Ups, missed one comment from Shilei

josemonsalve2 marked 7 inline comments as done and an inline comment as not done.Jul 22 2021, 8:21 PM
josemonsalve2 added inline comments.
llvm/include/llvm/Frontend/OpenMP/OMPKinds.def
209

Do you mean just to add these 4 lines? Or should I add these lines to the front end patch D106298?
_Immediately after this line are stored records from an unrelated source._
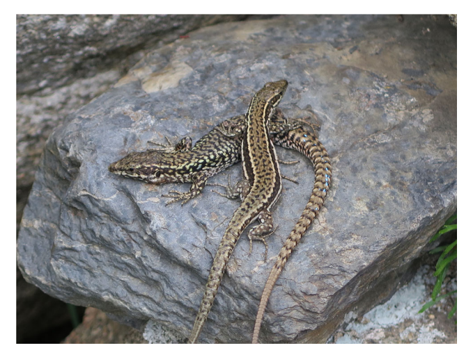
Fig. 2 An adult male ( below ) and an adult female ( above ) of Podarcis muralis sharing time and space in the field

To avoid pseudoreplication, counts were made in independent line transects covering several localities (i.e. a single
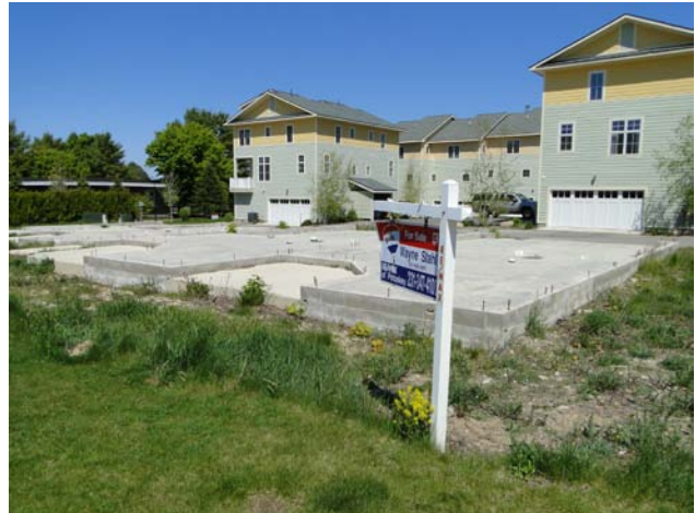
Vacant building pads serve as soil caps, an essential component of the site remedy
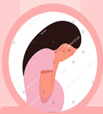
Problem tolerating heat
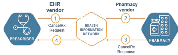
Figure 1. CancelRx transaction process.

However, despite having been available since 2010, this transaction is an optional functionality for both EHR systems and pharmacies and was not explicitly incentivized by Meaningful Use, and thus has experienced low adoption and suboptimal utilization. The low adoption by EHR systems and pharmacy systems is perhaps justly attributable to hesitancy from each side until a critical mass of adoption by the other justifies the substantial implementation efforts to reach full realization of CancelRx's benefits. Due to the lack of end-user knowledge and the technology implementation gap for intended functions, some prescribers may opt to utilize elements in NewRx messages instead of the specific CancelRx message to communicate orders for discontinuation or alteration of medication regimens.

jdoerfert added inline comments.Jul 22 2021, 9:47 PM
llvm/lib/Transforms/IPO/OpenMPOpt.cpp
1777–1778

copy and paste.

3661
if (!CallerKernelInfoAA.ReachingKernelEntries.isValid())
  return indicatePessimisticFixpoint();

also below

3672

use early exit instead,
if (!...)

return ...
3681

no reaching kernels is fine, keep it at none (which is the default) and just return UNCHANGED.

3682

make this function take the string attribute such that we can have a single one and not two.

3702

leftover. (and you can also just pipe an IRPosition into errs())

  • Created a single function receiving a string instead of one per attribute: foldKernelFnAttribute
  • Removed pesimisticFixpoint if no kernel is found.
  • Adding Check for the ReachingKernelEntries valid state
  • Removed unnecesary comments
josemonsalve2 marked 6 inline comments as done.Jul 23 2021, 7:24 AM

LGTM with one nit. @jdoerfert WDYT?

llvm/include/llvm/Frontend/OpenMP/OMPKinds.def
209

It's better to add them to the patch where they are introduced.
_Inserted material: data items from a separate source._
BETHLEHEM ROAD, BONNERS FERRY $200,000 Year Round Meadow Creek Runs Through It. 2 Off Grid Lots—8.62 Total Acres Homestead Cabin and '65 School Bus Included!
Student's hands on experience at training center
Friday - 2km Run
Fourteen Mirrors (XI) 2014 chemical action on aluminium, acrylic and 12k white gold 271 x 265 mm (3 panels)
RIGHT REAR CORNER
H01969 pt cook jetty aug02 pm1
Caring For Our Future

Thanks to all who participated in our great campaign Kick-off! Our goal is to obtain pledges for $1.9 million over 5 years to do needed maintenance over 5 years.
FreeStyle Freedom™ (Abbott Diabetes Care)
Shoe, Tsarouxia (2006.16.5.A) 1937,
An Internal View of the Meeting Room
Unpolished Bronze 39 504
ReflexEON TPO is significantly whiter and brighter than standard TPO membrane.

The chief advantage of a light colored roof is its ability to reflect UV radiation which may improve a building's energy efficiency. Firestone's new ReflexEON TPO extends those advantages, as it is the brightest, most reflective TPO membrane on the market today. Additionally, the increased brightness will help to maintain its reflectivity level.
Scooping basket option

My test is still failing, but it fails on an assertion on the changeToSPMD method:

opt: /home/josem/postdoc/llvm_stuff/llvm-project/llvm/lib/Transforms/IPO/OpenMPOpt.cpp:2898: bool (anonymous namespace)::AAKernelInfoFunction::changeToSPMDMode(llvm::Attributor &): Assertion `ExecMode && "Kernel without exec mode?"' failed.

I'm trying to debug it, but if it is obvious for any of you let me know if it is something I am doing or I am just triggering another bug

jdoerfert accepted this revision.Jul 25 2021, 9:08 AM

Some minor notes, assuming the tests passes properly after, LGTM

llvm/lib/Transforms/IPO/OpenMPOpt.cpp
3652
3674

You should set CurrentAttrValue = NextAttrValue at the end of the loop.

3679
llvm/test/Transforms/OpenMP/get_hardware_num_threads_in_block_fold.ll
7

you need a variable KERNEL_NAME_exec_mode per kernel here. Look at other tests or what clang generates.
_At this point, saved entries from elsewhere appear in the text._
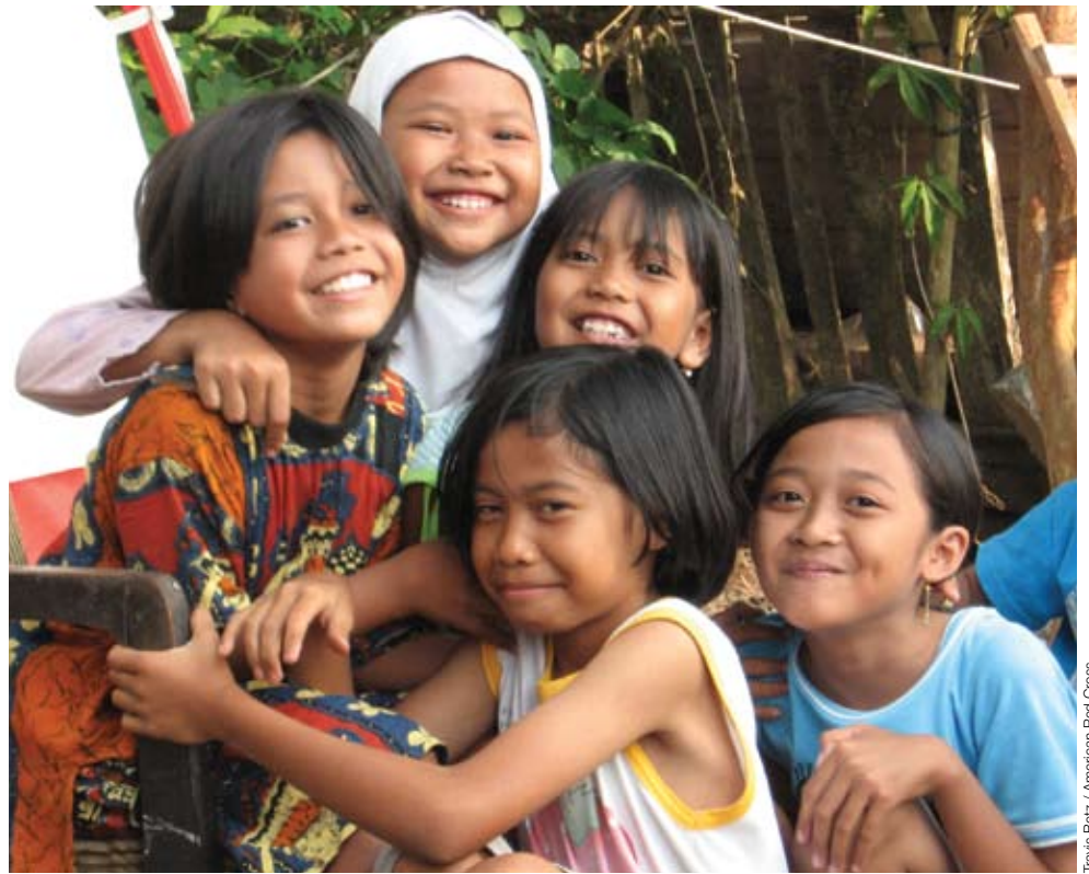
Indonesian children manage to smile following a traumatic earthquake in July.

The Movement's three components form an intricate support system. When needs exceed local capacity, national societies can offer their expertise to the International Federation, the ICRC and the national society requesting additional support. This allows other national societies, which often includes the American Red Cross, to assist those in need around the world. Coordination through the International Federation and/or the ICRC assists in determining the most advantageous support mechanisms. This unified response targets aid appropriately, avoids duplication of efforts and encourages collaboration. This results in needs-based programming, transparency in service delivery and adherence to international humanitarian standards. Movement coordination also
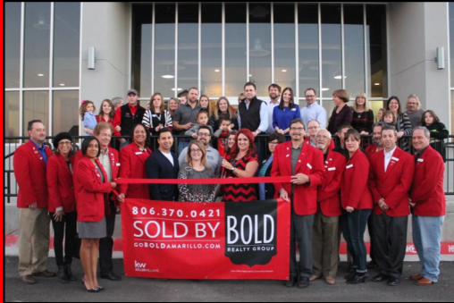
Bold Realty Group 3955 S Soncy

Click on http://bit.ly/RibbonCuttingsNov2015 download these pictures.
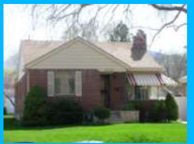
1117 S 1800 EAST A
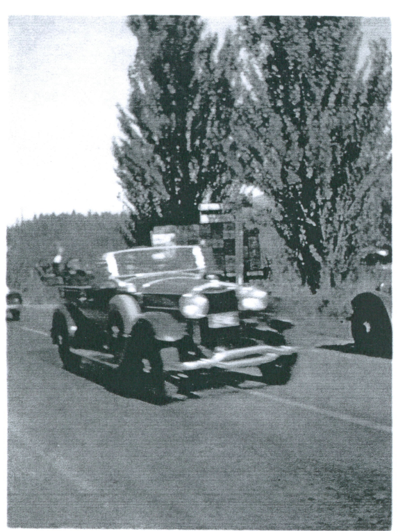
Sept 27, 1937

Franklin Rousevell driving by awalon Orchado
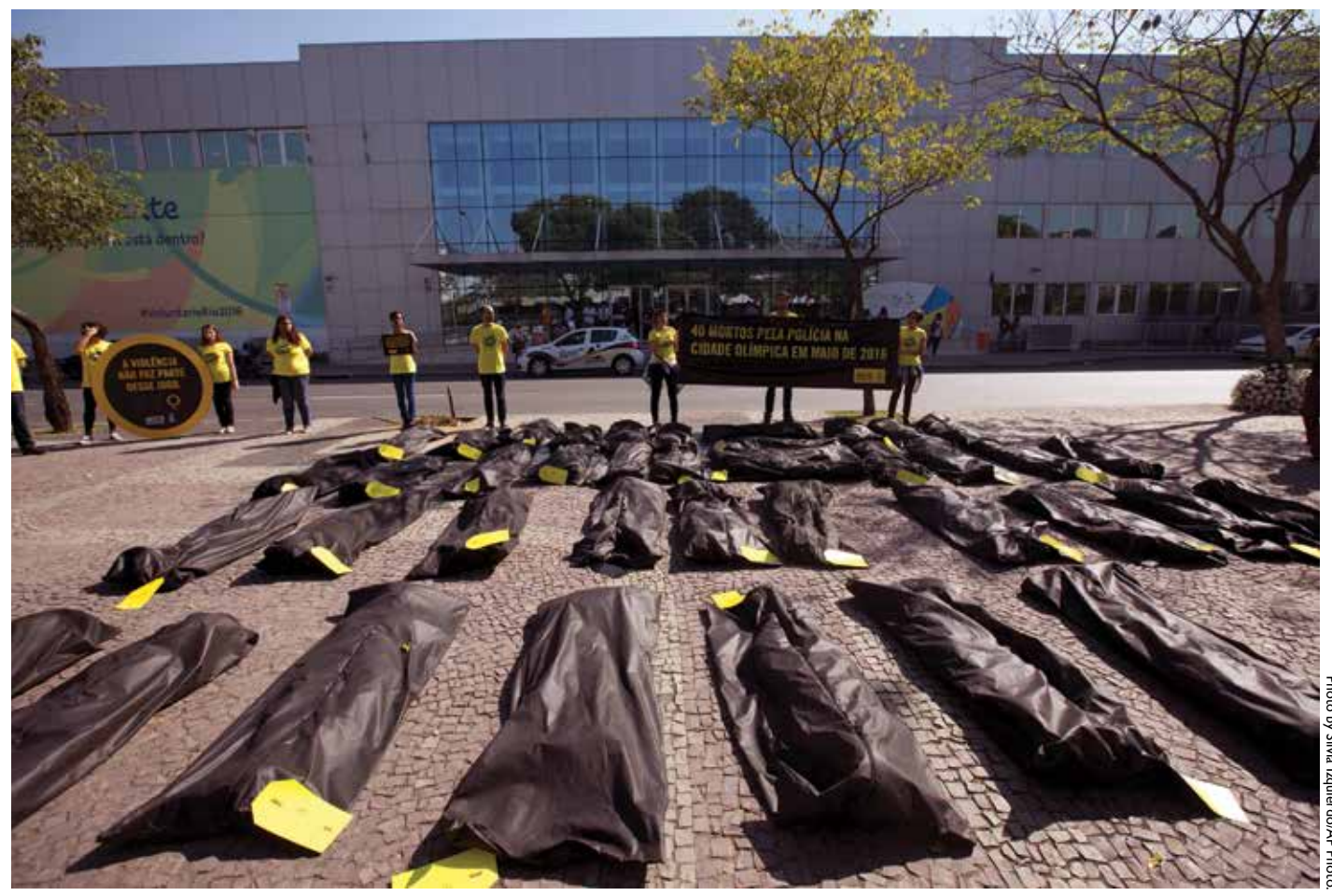
Body bags are used to represent victims in a protest of police violence in Brazil.

When it comes to the issue of judicial independence, there is a marked difference in the way different social sciences approach the problem. On the one hand, historians and anthropologists tend to be skeptical of quick fixes, viewing any change in this domain to be painfully gradual. On the other hand, economists, political scientists, and public policy scholars tend to be seduced by the promises of constitutional and institutional engineering.

This revision is now accepted and ready to land.Jul 25 2021, 9:08 AM

Fixing final comments from @jdoerfert

josemonsalve2 marked 7 inline comments as done.Jul 26 2021, 11:10 AM

Can we add the pass that removes NOINLINE from these functions before landing this one?

Can we add the pass that removes NOINLINE from these functions before landing this one?

I landed D106482 which does this. One problem is that this was getting run on the .bc libraries and removing it prematurely. @tianshilei1992 was going to make a patch to stop running OpenMPOpt when we build the libraries for this.

@tianshilei1992 was going to make a patch to stop running OpenMPOpt when we build the libraries for this.

It's already done. ;-)

JonChesterfield accepted this revision.Jul 26 2021, 11:52 AM

Ah, good. I wasn't tagged on D106482 and missed the emails about it.

Rebasing to main

Herald added a project: Restricted Project. · View Herald TranscriptJul 27 2021, 4:41 PM
Herald added a subscriber: cfe-commits. · View Herald Transcript

Rebasing to main this time for real

This revision was landed with ongoing or failed builds.Jul 27 2021, 6:47 PM
This revision was automatically updated to reflect the committed changes.